[Data for review]:
#####
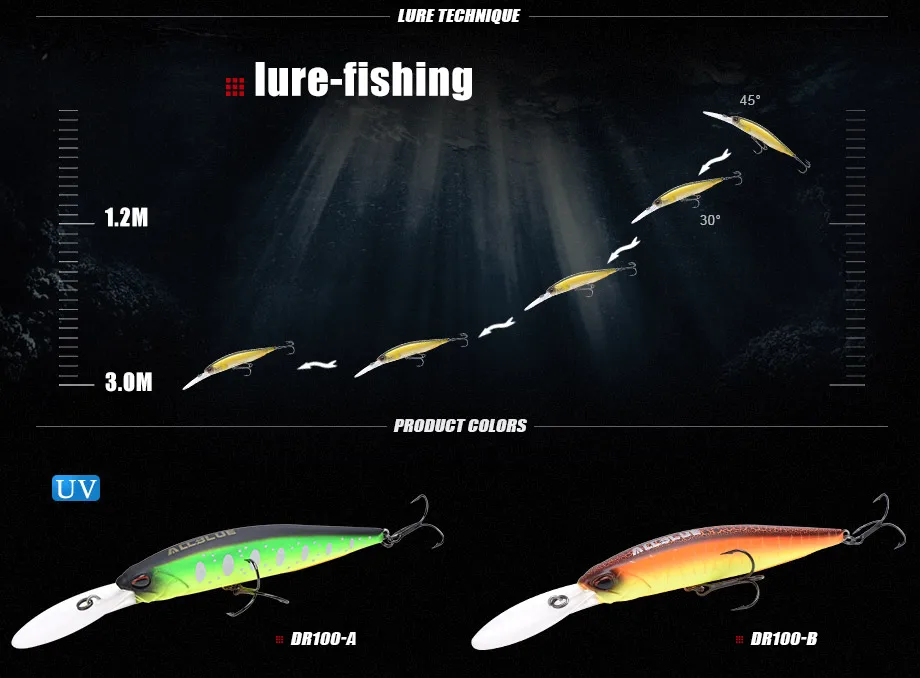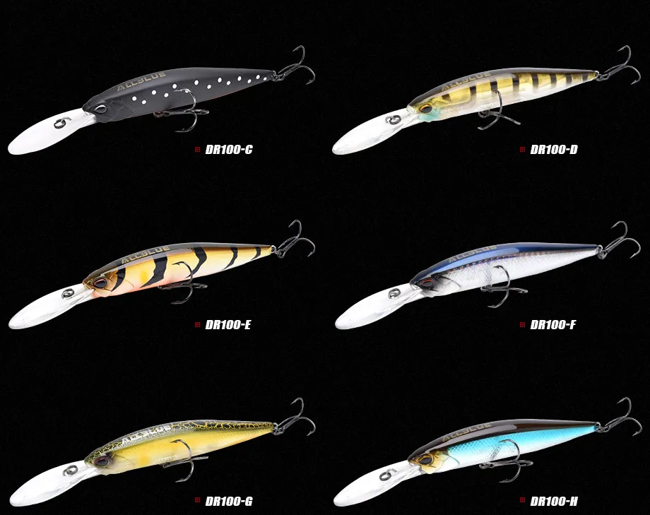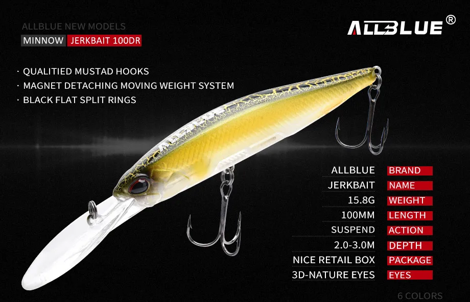 ALLBLUE-nuevo señuelo de pesca profesional piscardo suspendido, Profundidad de piscardo de lubina de 2-3m, anzuelos MUSTAD, 100 dr, 100 mm, 15,8g
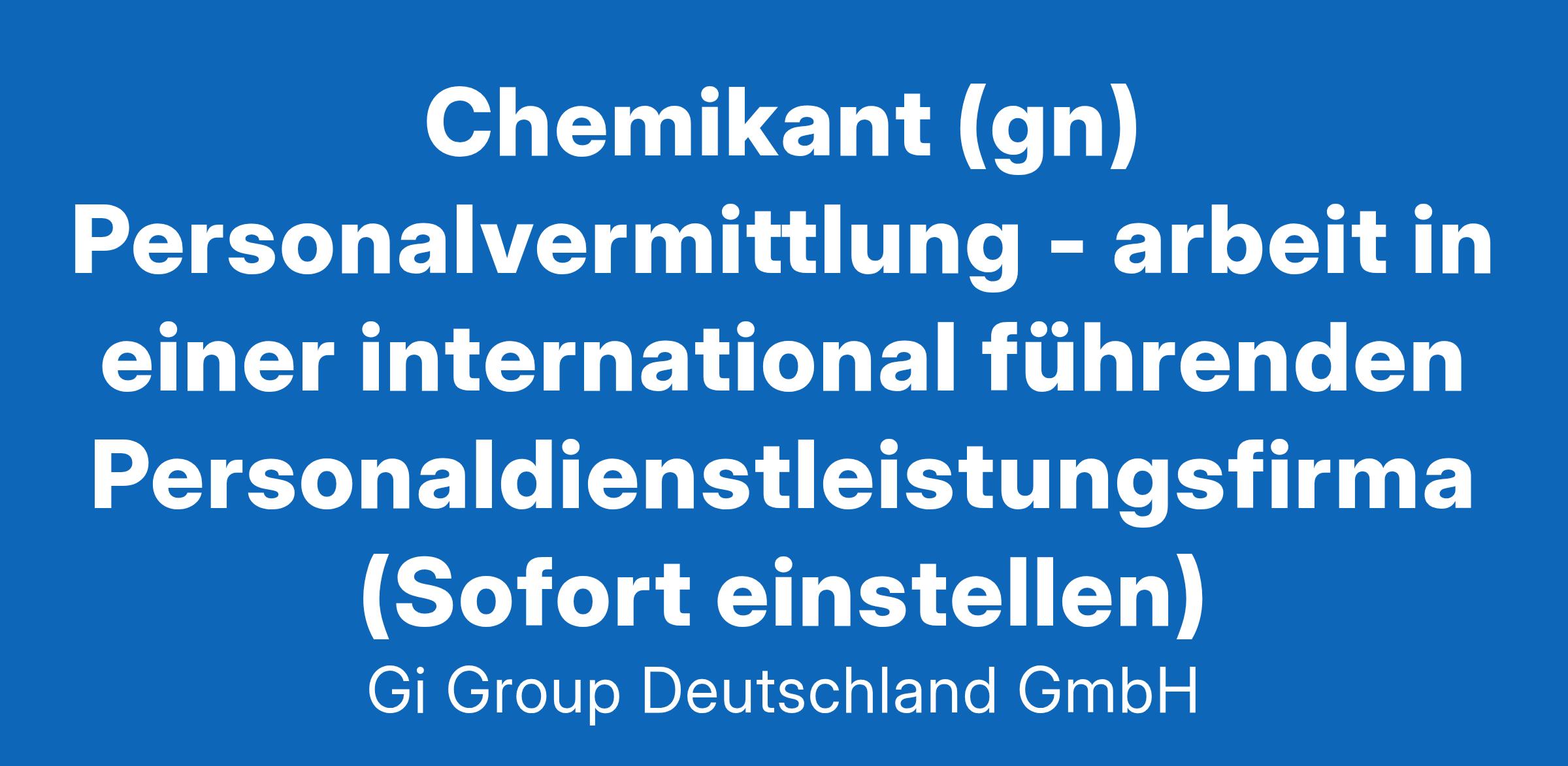 Chemikant (gn) Personalvermittlung - arbeit in einer international führenden Personaldienstleistungsfirma (Sofort einstellen)
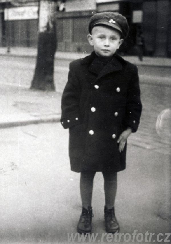 I love how the little boys are wearing overcoats and vests, complete with ties.
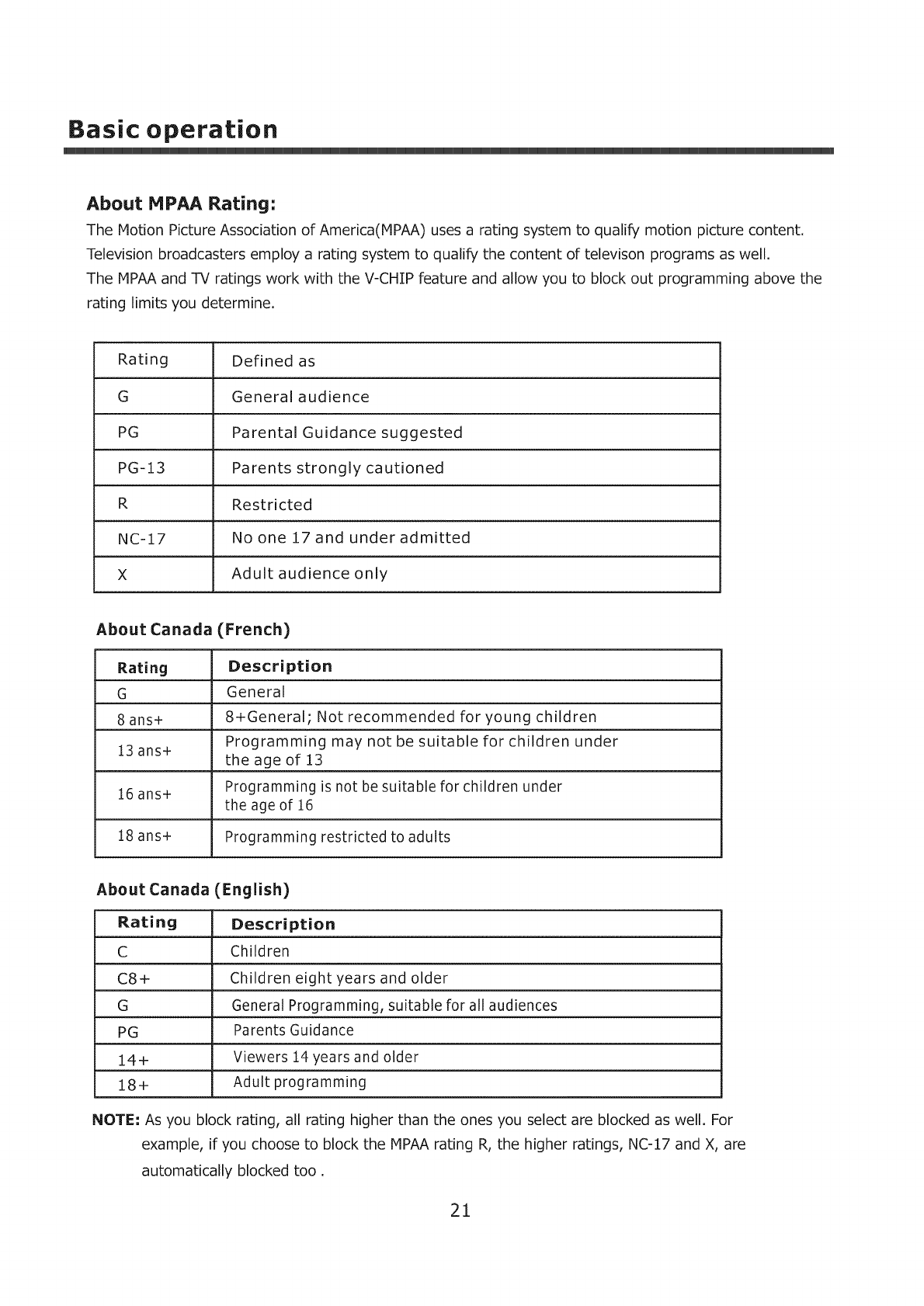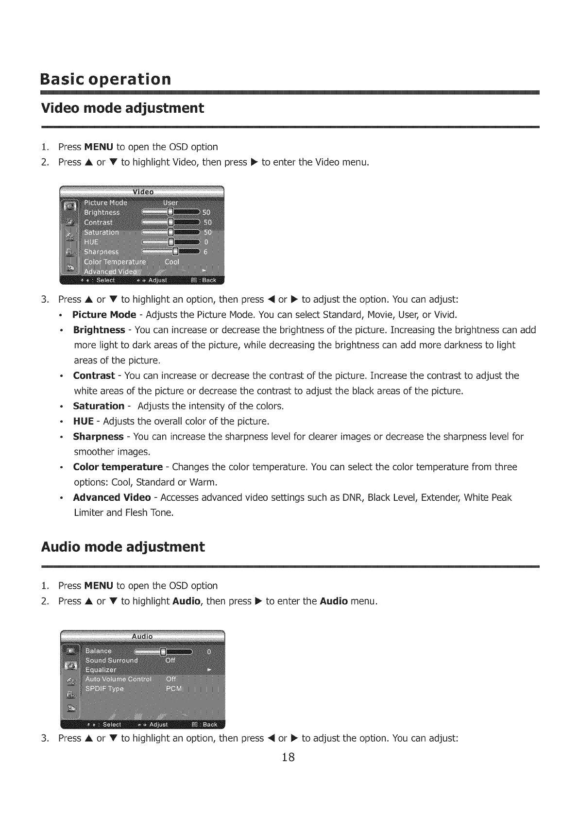 Audio mode adjustment ............................................................................................................18
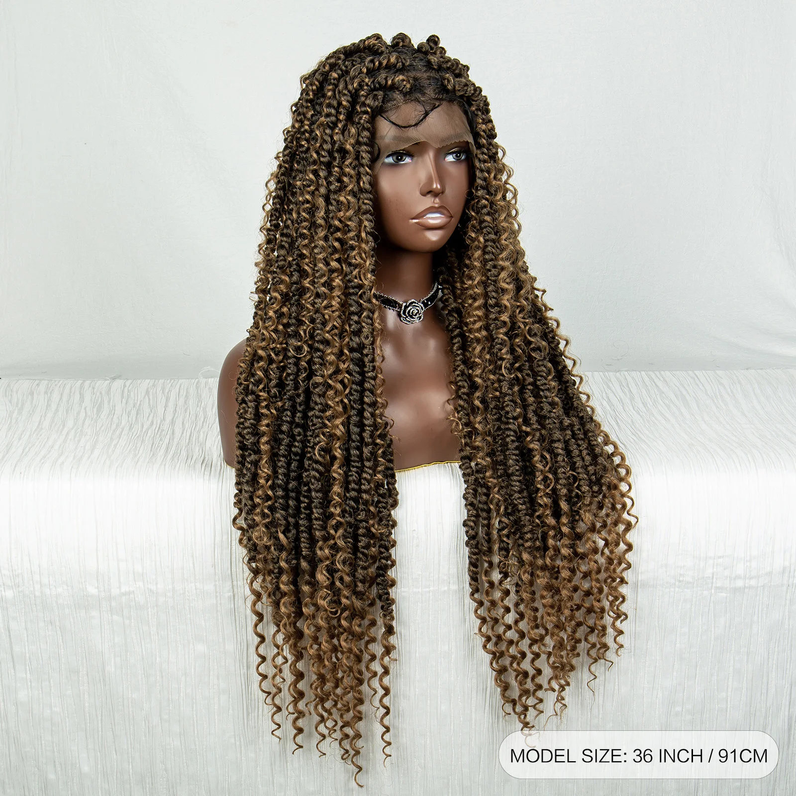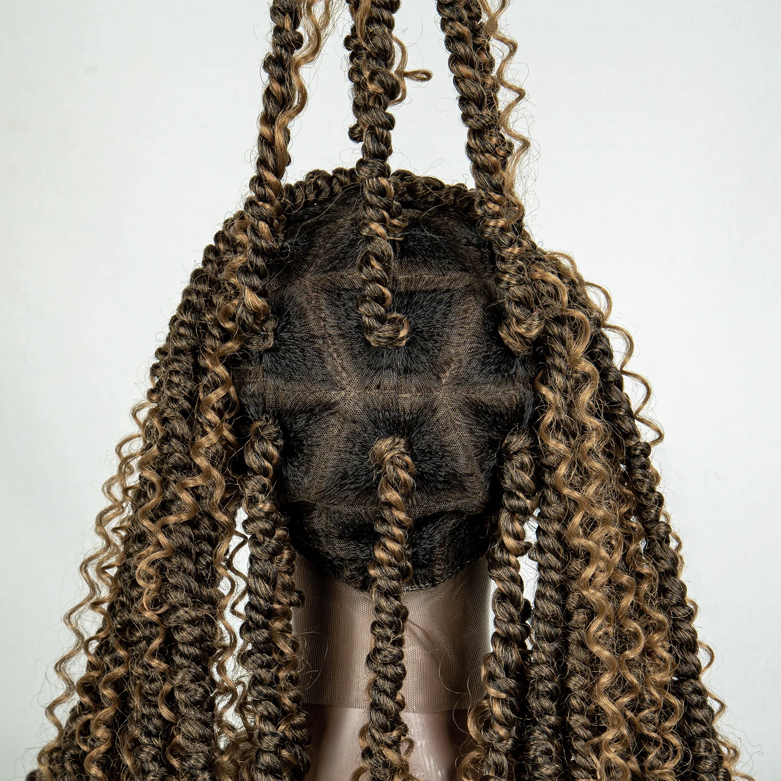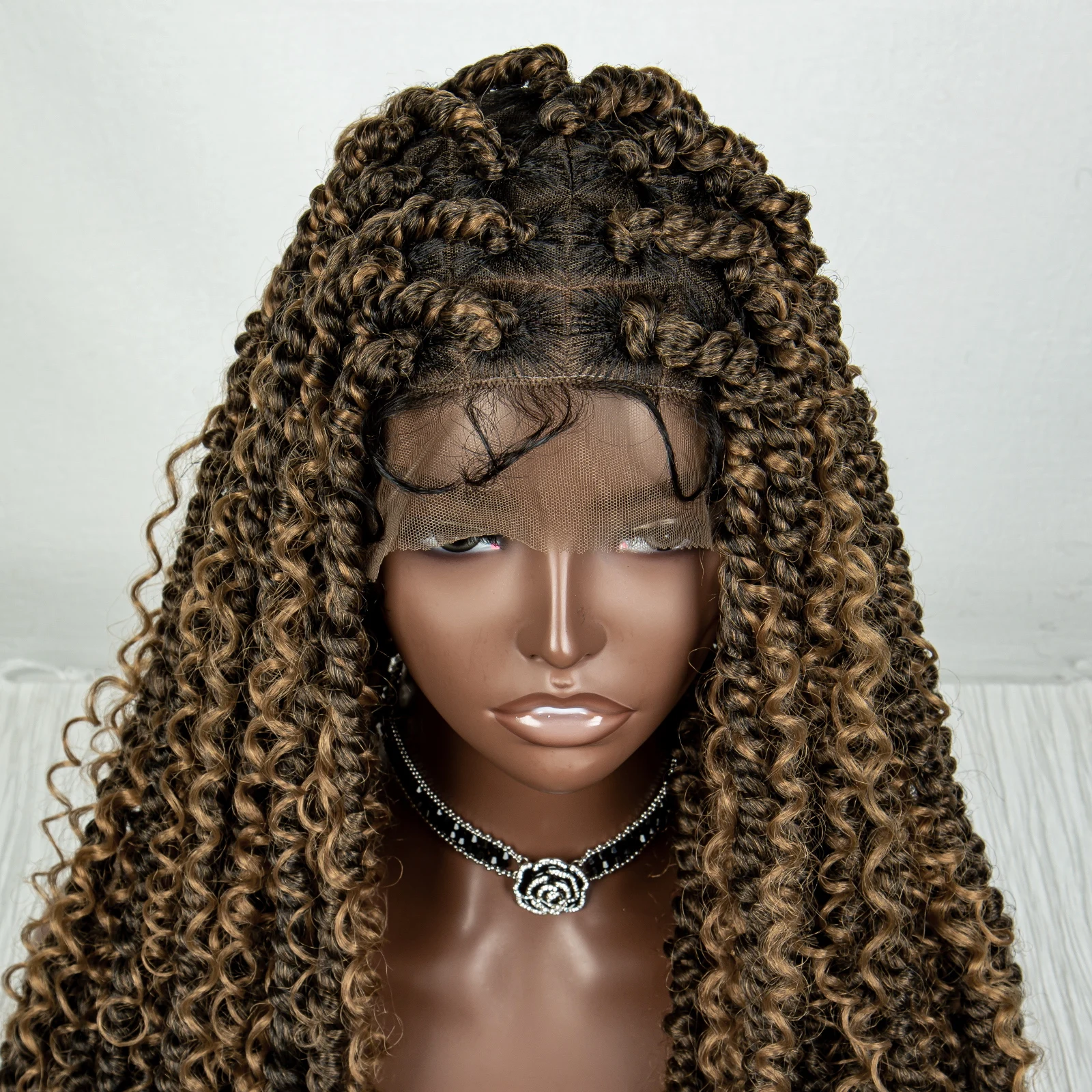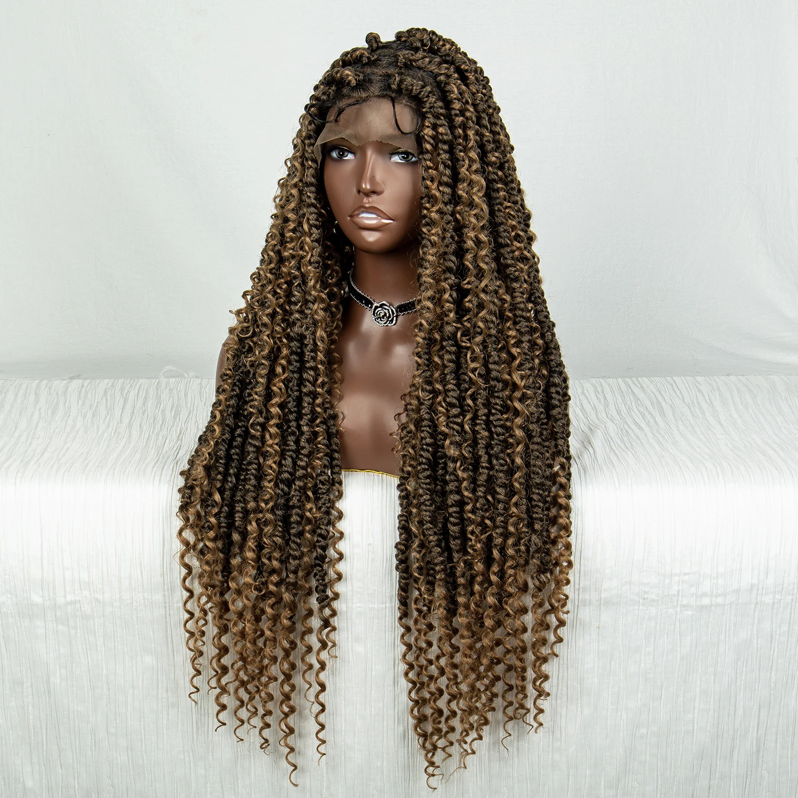 Synthetic Full Lace Braided Wigs Brown Curly Twist Braiding Hair Wig for Women Knotless Box Braids Lace Front Wig with Baby Hair
#####
[What you should do]: Once the pictures are set aside, restate the remaining data above exactly.

[Output]:
 ALLBLUE-nuevo señuelo de pesca profesional piscardo suspendido, Profundidad de piscardo de lubina de 2-3m, anzuelos MUSTAD, 100 dr, 100 mm, 15,8g
 Chemikant (gn) Personalvermittlung - arbeit in einer international führenden Personaldienstleistungsfirma (Sofort einstellen)
 I love how the little boys are wearing overcoats and vests, complete with ties.
 Audio mode adjustment ............................................................................................................18
 Synthetic Full Lace Braided Wigs Brown Curly Twist Braiding Hair Wig for Women Knotless Box Braids Lace Front Wig with Baby Hair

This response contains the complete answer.